Мария всегда вызывала у меня в памяти одну из самых известных строк Малларме: «Le vierge, le vivace, le bel aujourd'hui…»[288]– ассоциируясь с нею той живой зеленой свежестью, той непосредственностью, какие с самого начала отличали наименее холодно-классическую сторону искусства ее родной страны. Марию нельзя узнать за один день, за одно чтение, но раз узнав, ее уже не забудешь, словно весенний день в Анжу, в королевской семье, к которой она, возможно, принадлежала.

 

ДОН ЖУАН» МОЛЬЕРА

(1981)

 

«Дон Жуан» – самая политическая из пьес Мольера, и мне хотелось бы кратко напомнить здесь кое-что из исторической подоплеки ее написания. Мольера уже обвиняли в нечестивости и безбожии после «Школы жен» в 1663 году. Кульминации эти обвинения достигли после постановки «Тартюфа», разрешившись запретом пьесы в мае 1664-го. Мольер терзался обидой на такую несправедливость до января следующего года. Его труппе к этому времени уже не хватало материала для работы и, разумеется, денег, и они, по всей видимости, обратили внимание своего автора-режиссера на то, каким успехом у парижской публики пользовались тогда две версии истории о Дон Жуане (в свою очередь основанные на итальянских версиях драмы Тирсо де Молина пятидесятилетней давности «Севильский озорник, или Каменный гость»[289]). У Мольера, таким образом, оказался двойной повод для того, чтобы взяться за эту тему: желание добиться хоть какой-то выгоды для труппы и снова бросить обществу перчатку, прежде чем это успеет сделать Cabale des Devots – то есть Кабала святош, – на которую он совершенно обоснованно возлагал вину за запрет своего любимого «Тартюфа». Новая пьеса была написана очень быстро, во гневе, и вдобавок с осознанной необходимостью непременно добиться успеха у публики, что объясняет знаменитую «шизофреничность» конечного продукта.

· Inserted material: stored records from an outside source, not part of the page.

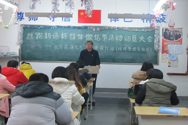 会上,刘主任号召同学们加入“丝路新语”这个全新的、年轻的平台,并积极参加此次微信节的相关活动,通过此次微信节打开新疆大学生的一片天空。同时,我系团支部书记胡文老师对我系组织的“我为新疆代言”爱国爱疆行动进行详细活动说明,包括其参与方式、评选方法和奖品介绍。最后,刘主任希望通过大家的力量将此次活动宣传到校园的每一个角落,并且同时表达了对各个兄弟系部学生会干部支持的感谢。
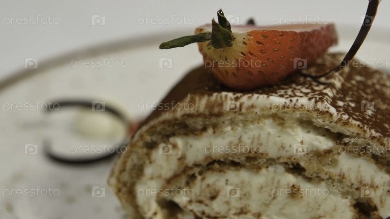 кусочки клубники в белом битом ванильном креме. фруктовые ломтики близко друг к другу. закрыть ломтик клубники и соус на тарелке. кафе десертный меню
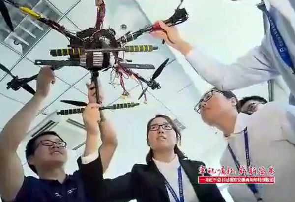 2016年4月,习总书记在中科大先研院视察时,对星空(中国)智能研发的第一代系留旋翼无人机——赛鹰4000T四旋翼系留无人机进行了详细询问。在了解到该产品填补了国内无人机相关领域的空白时,习总书记十分高兴。习总书记希望,星空(中国)智能继续加大科研创新力度,大力发展具有自主知识产权的核心产品。
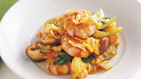 辛くて甘酸っぱいチリソースを、プリプリのえびにたっぷりからめます。溶き卵を最後に回し入れて、まろやかな味わいに。
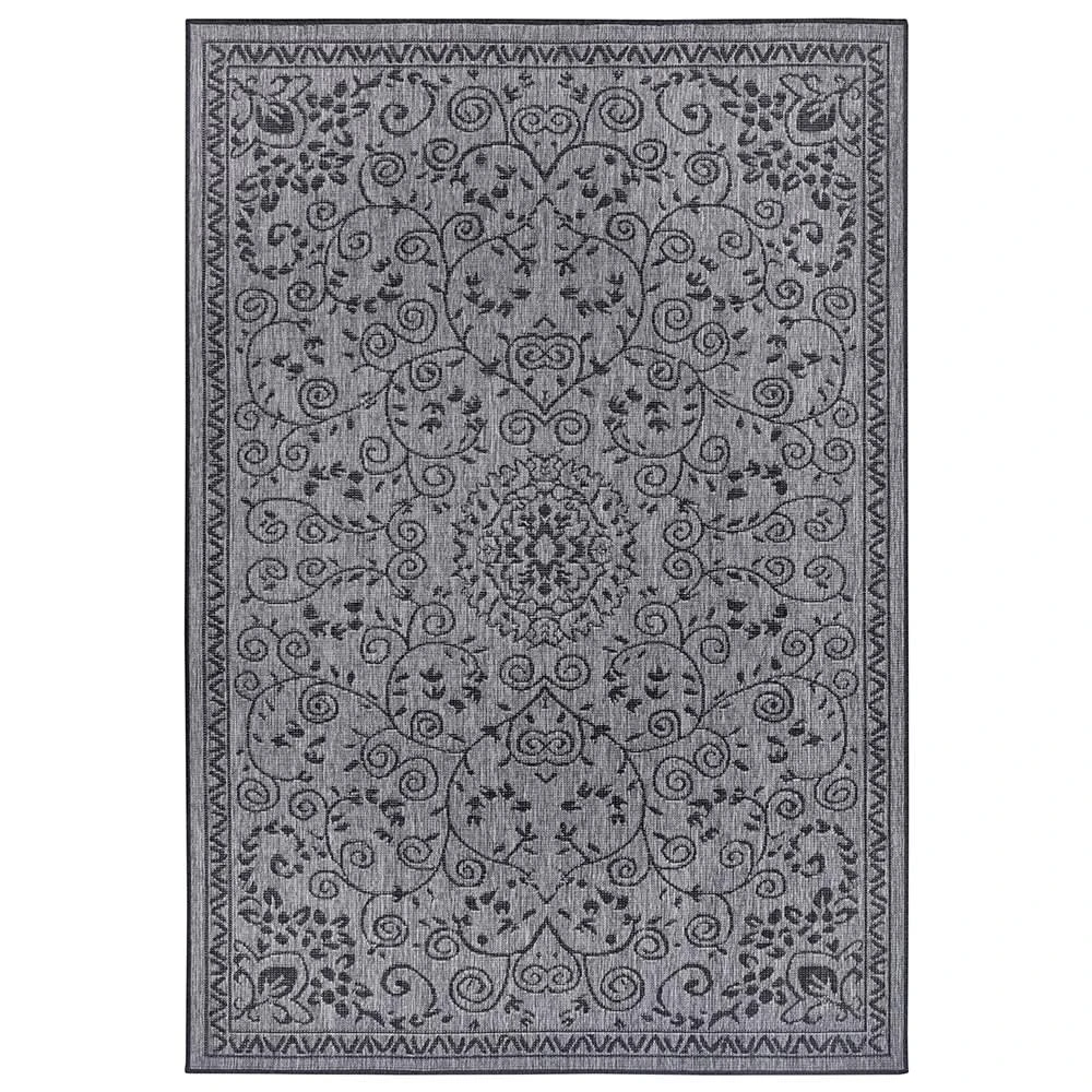 In- & Outdoor Wendeteppich Leyte Schwarz Silber
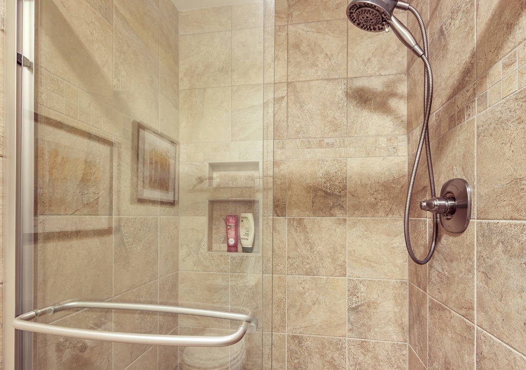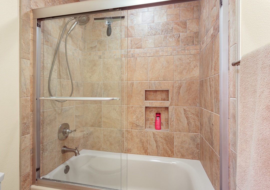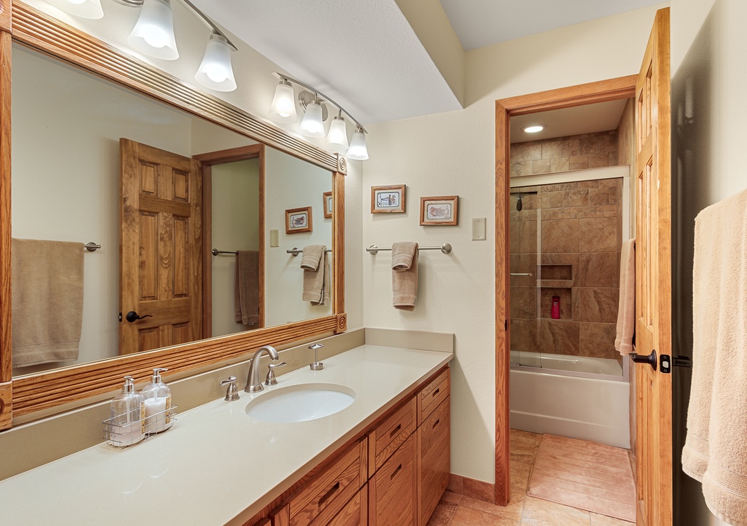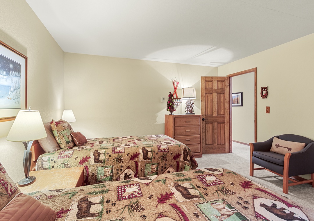 The condo features three well-appointed bedrooms. The primary bedroom has a comfortable king-sized bed, an en-suite bathroom, and a private balcony where you can enjoy the stunning mountain views. The second bedroom has a king-sized bed, while the third bedroom has two twin-sized beds, perfect for kids or friends traveling together.
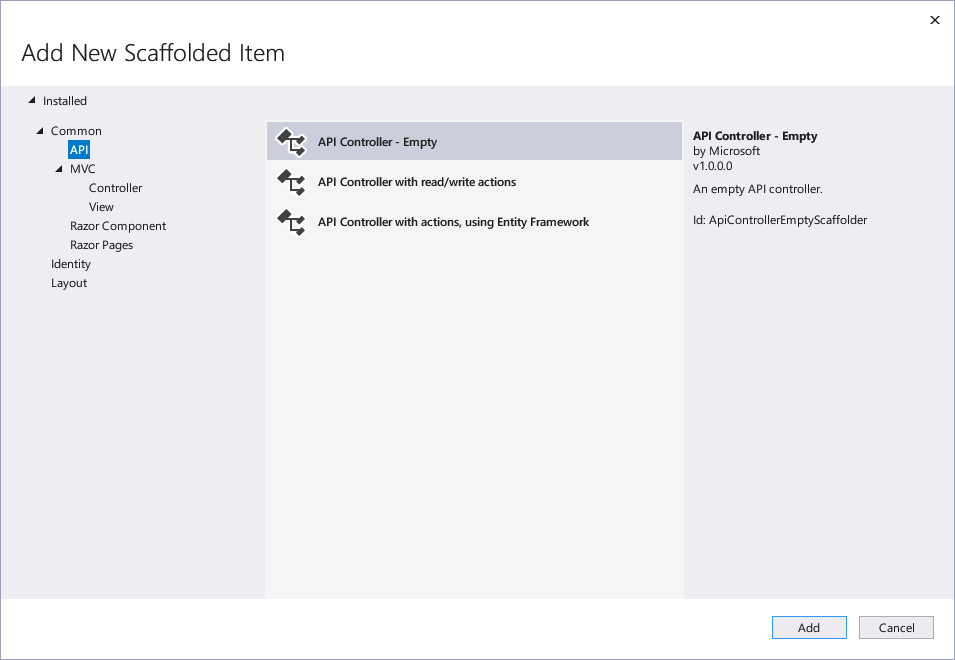 이후 Scaffolded 화면에서 왼쪽에 API를 선택하고 오른쪽에 'API Controller - Empty'항목을 선택한뒤 Add 버튼을 눌러줍니다.

Но «шизофреничность» уже носилась в воздухе. С самого начала века нарастало напряжение между религиозным консерватизмом и свободомыслием. По левую руку располагались либертины[290], верившие в индивидуальность сознания и симпатизировавшие всевозрастающему эмпиризму в науке, по правую – святоши с их несгибаемой верой в непреложность религиозных, королевских и социальных установлений и традиций. Мольер был частым гостем салонов, где встречались свободомыслящие люди, он восхищался эпикурейскими взглядами Гассенди[291], главного выразителя новой философии в тогдашней Франции. Вряд ли можно усомниться в том, что интеллектуально он был близок либертинам.

Однако к середине столетия движение свободной мысли стало испытывать все больше затруднений, как извне, так и изнутри. Очевидной социальной причиной таких затруднений было то, что многие аристократы – к ужасу более искренних вольнодумцев – плавно соскользнули от сомнений в авторитете Церкви к отрицанию всех моральных норм в целом. Самое слово «либертин», когда-то служившее просто обозначением, превратилось в обвинение. Вокруг Мольера существовало множество живых, реальных людей, образы которых он мог бы использовать, создавая своего Дон Жуана. Утверждают, что в основном прообразом его героя послужил принц де Конти, но добавились еще и черты других современных ему распутников – Генриха Лотарингского, де Варда, Бюсси, шевалье де Роклора (вот исток сцены с нищим). К 1653 году в обществе, после Фронды быстро терявшем свою открытость, тюрьма, ссылка, даже сожжение на костре сделали такой стиль жизни весьма опасным, и самые хитроумные псевдолибертины стали отказываться от философских обоснований собственного себялюбия и прятаться под маской лицемерной религиозности. Они осуществляли программу, эксплицитно выраженную еще одним кандидатом в прототипы Дон Жуана – кардиналом де Ретцем: «Грешить хитроумно – это самое страшное преступление перед Богом, но самое мудрое поведение в глазах общества».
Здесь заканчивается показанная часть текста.